I got to admit, the more I thought about my mention of playing defensively right now in the market, the more I thought about dwelling and expanding on the topic. To the point that if I were with you looking over your account, I would go drill sergeant on you for how you've constructed your account. If we are in for a recession, stagflation, or a bear market...remember that most people lose money in these markets. The trick will be to lose less, or possibly make money during these times. You will need to take less unnecessary risks, find good stocks to invest in, stay diversified, and balance your portfolio properly to weather the storms ahead.

In light of my suggestion to buying defensive stocks right now, such as MO, JNJ, PG, BUD, KO, etc... I started thinking about diversification. Naturally, if I am looking to trade options on something and stay diversified, I start thinking about ETFs. Here are a few to keep on your radar...

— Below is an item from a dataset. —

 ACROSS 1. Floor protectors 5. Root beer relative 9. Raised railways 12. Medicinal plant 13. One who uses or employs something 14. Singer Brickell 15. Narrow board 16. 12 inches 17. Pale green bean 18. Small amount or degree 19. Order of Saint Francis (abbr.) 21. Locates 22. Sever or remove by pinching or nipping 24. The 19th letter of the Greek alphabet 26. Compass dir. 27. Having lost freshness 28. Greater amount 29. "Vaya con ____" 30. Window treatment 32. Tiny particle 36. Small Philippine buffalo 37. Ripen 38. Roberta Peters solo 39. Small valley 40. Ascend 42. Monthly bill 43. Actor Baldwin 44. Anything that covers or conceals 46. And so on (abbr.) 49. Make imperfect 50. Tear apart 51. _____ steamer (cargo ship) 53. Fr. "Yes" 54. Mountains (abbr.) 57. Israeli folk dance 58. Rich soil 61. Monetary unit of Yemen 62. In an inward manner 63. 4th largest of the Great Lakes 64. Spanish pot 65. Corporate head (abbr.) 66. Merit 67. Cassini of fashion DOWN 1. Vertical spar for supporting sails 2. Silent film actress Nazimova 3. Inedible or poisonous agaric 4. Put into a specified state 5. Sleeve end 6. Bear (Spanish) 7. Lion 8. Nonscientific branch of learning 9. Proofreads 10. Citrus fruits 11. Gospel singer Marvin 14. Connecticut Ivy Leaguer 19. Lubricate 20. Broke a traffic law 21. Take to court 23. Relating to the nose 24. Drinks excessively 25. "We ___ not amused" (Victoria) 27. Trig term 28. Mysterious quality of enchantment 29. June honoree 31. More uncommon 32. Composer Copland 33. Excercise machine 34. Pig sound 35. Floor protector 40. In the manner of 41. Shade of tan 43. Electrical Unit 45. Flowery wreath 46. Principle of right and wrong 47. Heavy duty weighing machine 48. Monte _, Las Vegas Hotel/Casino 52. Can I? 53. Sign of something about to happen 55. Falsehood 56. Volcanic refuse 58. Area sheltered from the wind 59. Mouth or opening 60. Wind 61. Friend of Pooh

IBB- I might be alone on this idea, but I love Bio-tech. Look at the 5 yr chart of BBH to see why I love it here.

IBB.png

PPH- Pharmaceuticals = Defensive

pph.png

XLB- I like the 5 yr chart on Materials.

xlb.png

IYH- Health Care will prosper this year. Especially with a Democrat in office.

iyh.png

XLU- Utes have the track record...and still moving strong.

xlu.png

IGE- Natty's looking good here.

ige.png

XLE- Energy speaks for itself.

xle.png

The sexiness of this topic is nil. Nobody wants to get conservative. While I am not suggesting that you or I change course at this point, this is an option you really ought to consider. If you are buying stock or buying calls, consider some of these ETFs. Not all of these instruments are extremely liquid, so use your better judgement when selecting the terms on how you choose to trade or invest in them.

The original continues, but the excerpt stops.